- WHAT IS EXPECTED -
Exclude the images, then return every line below exactly as written.

- DATA SHOWN -
+++

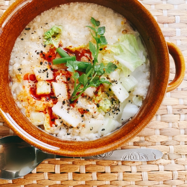 朝ごはんやひとりランチにレンジで簡単!豚ひき肉とセロリのヘルシーオートミール粥のレシピmichill byGMO ミチル。
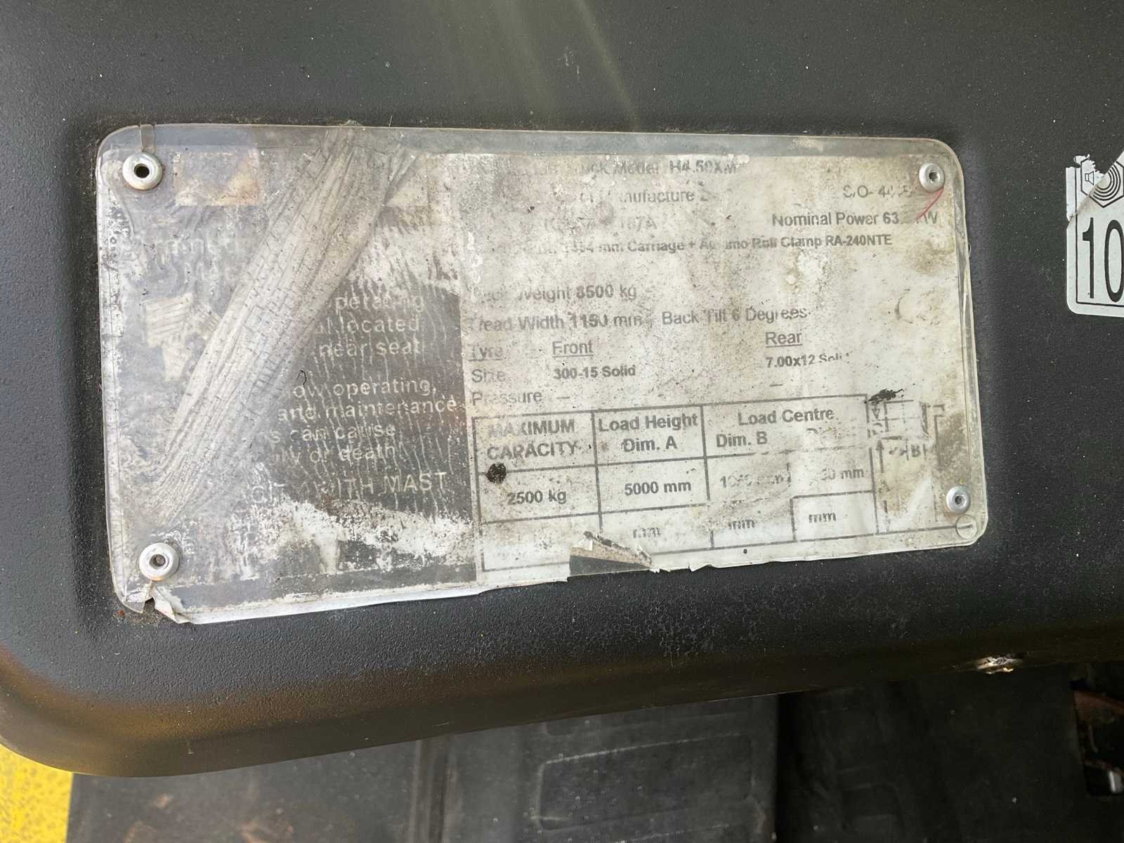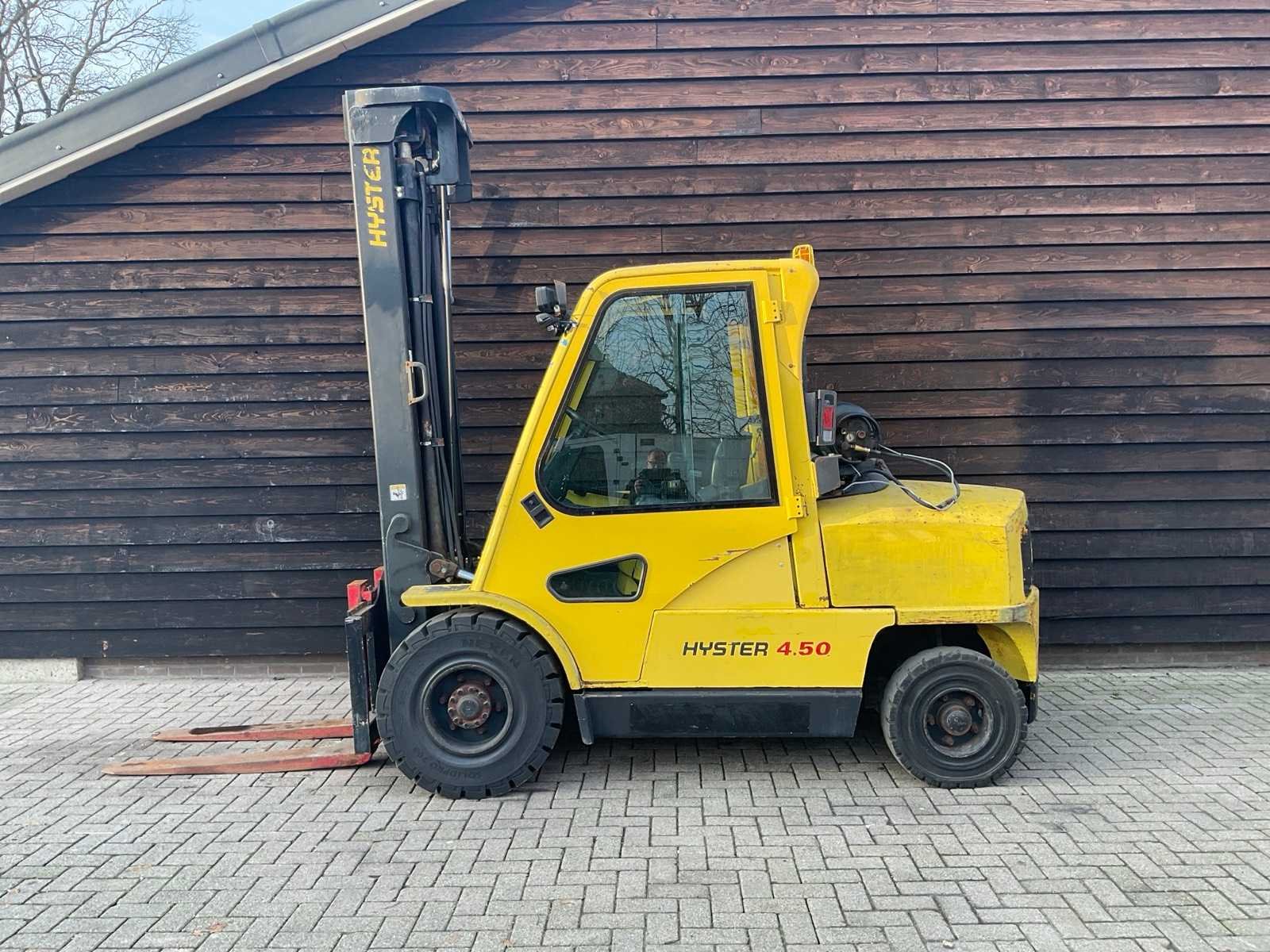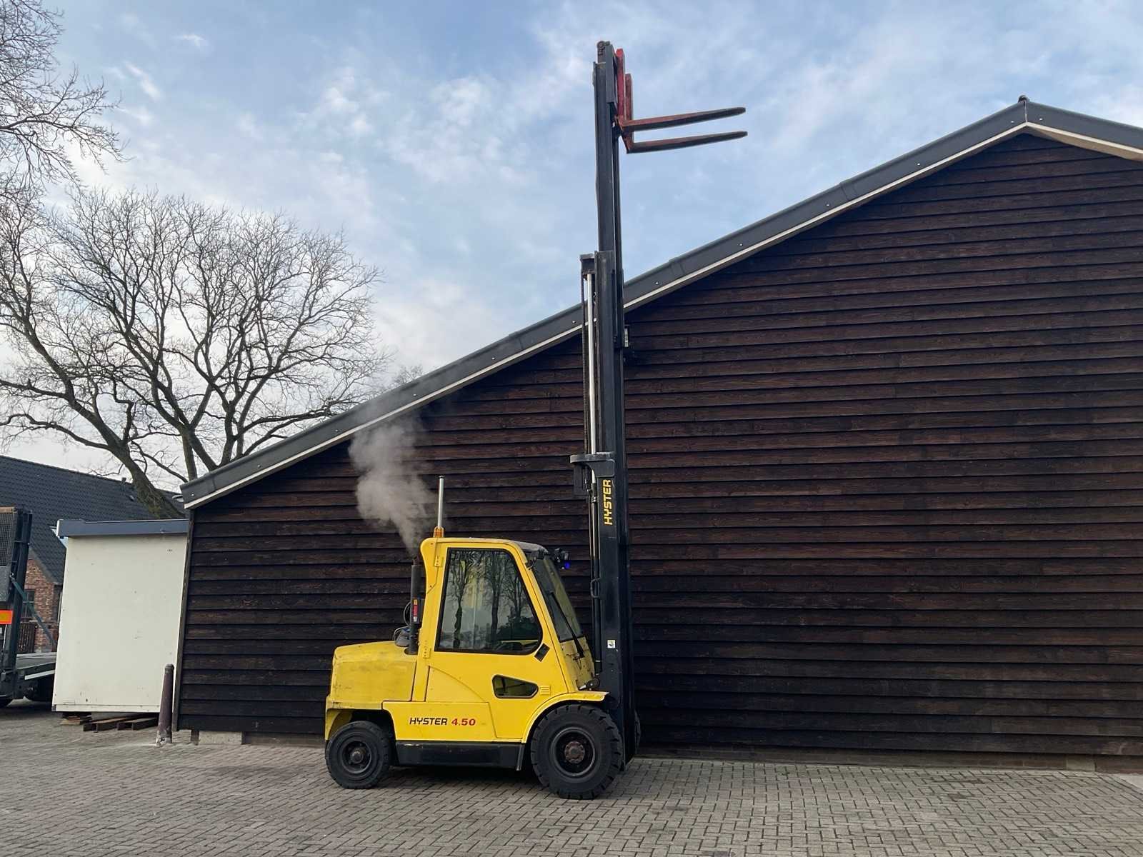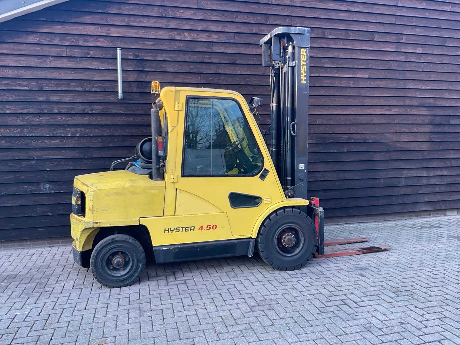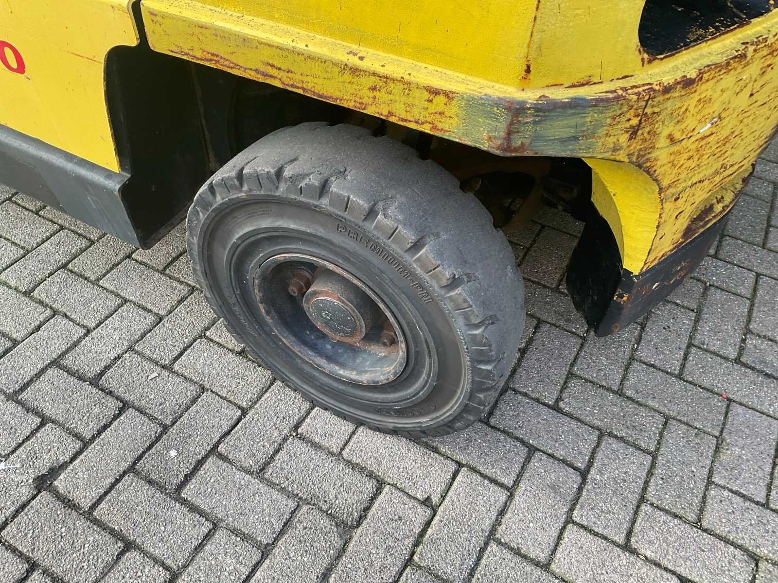 ZONDER. GAS. FLES Nee Merk: HYSTER Type: H 4,5 XM Brandstof: LPG Mast: Triple Soort band: Volrubber banden Afgelezen urenstand: 12327 Free-lift: true Triple mast: true Eigen gewicht: 8500kg Hefvermogen: 4500kg Lepellengte: 1200mm Max. hefhoogte: 5000mm Hefhoogte: 5000mm Vol rubber banden: true Totale afmeting L: 3400mm Totale afmeting Breedte: 1400mm Totale afmeting Hoogte: 3100mm LPG: true
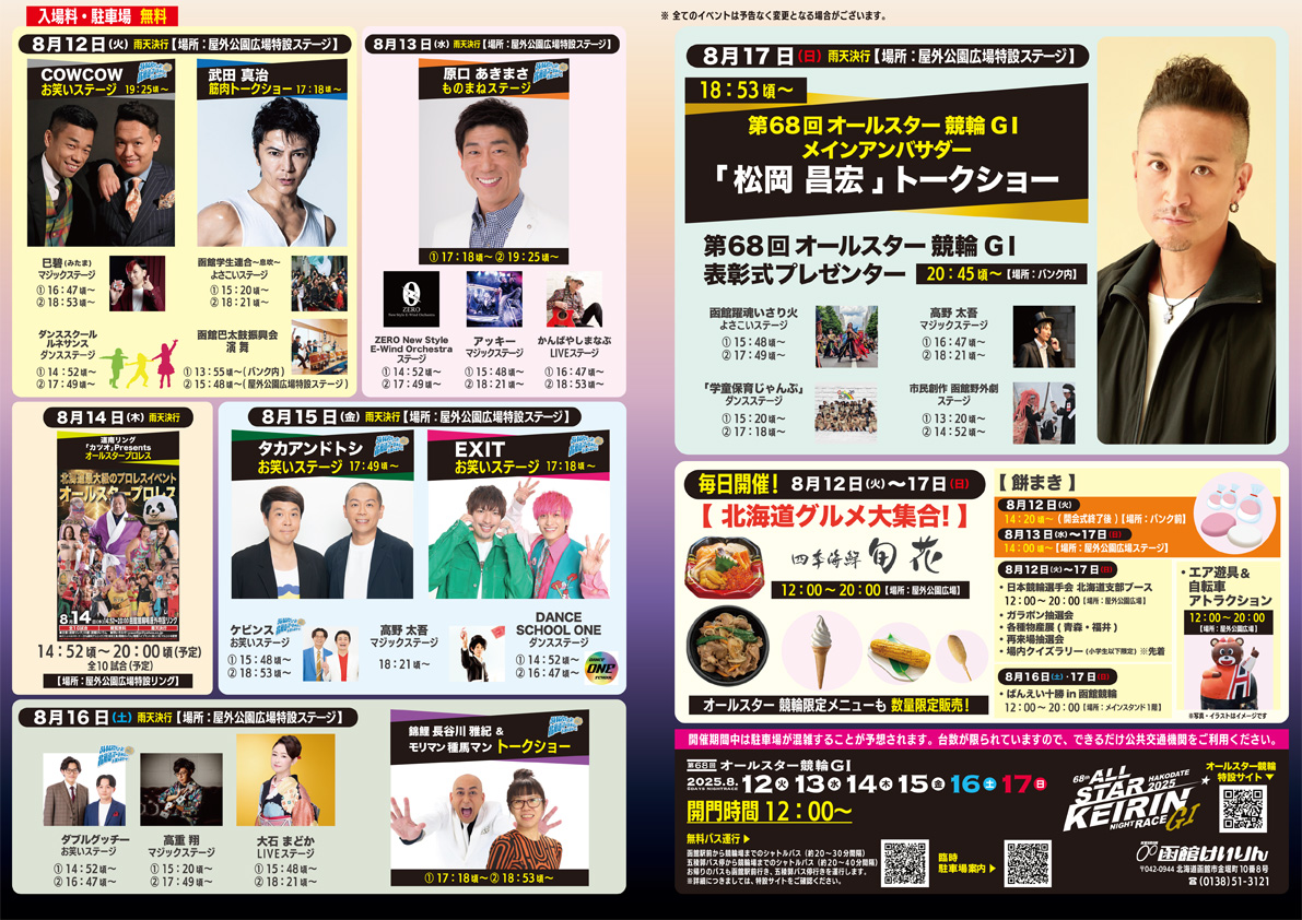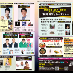 開催期間中の競輪場内では、北海道出身でありメインアンバサダーを務める松岡昌宏さんによるトークショー(17日)のほか、北海道出身の人気お笑いタレントによるステージイベントなどが連日開催!!

+++

- SOLUTION BELOW -
 朝ごはんやひとりランチにレンジで簡単!豚ひき肉とセロリのヘルシーオートミール粥のレシピmichill byGMO ミチル。
 ZONDER. GAS. FLES Nee Merk: HYSTER Type: H 4,5 XM Brandstof: LPG Mast: Triple Soort band: Volrubber banden Afgelezen urenstand: 12327 Free-lift: true Triple mast: true Eigen gewicht: 8500kg Hefvermogen: 4500kg Lepellengte: 1200mm Max. hefhoogte: 5000mm Hefhoogte: 5000mm Vol rubber banden: true Totale afmeting L: 3400mm Totale afmeting Breedte: 1400mm Totale afmeting Hoogte: 3100mm LPG: true
 開催期間中の競輪場内では、北海道出身でありメインアンバサダーを務める松岡昌宏さんによるトークショー(17日)のほか、北海道出身の人気お笑いタレントによるステージイベントなどが連日開催!!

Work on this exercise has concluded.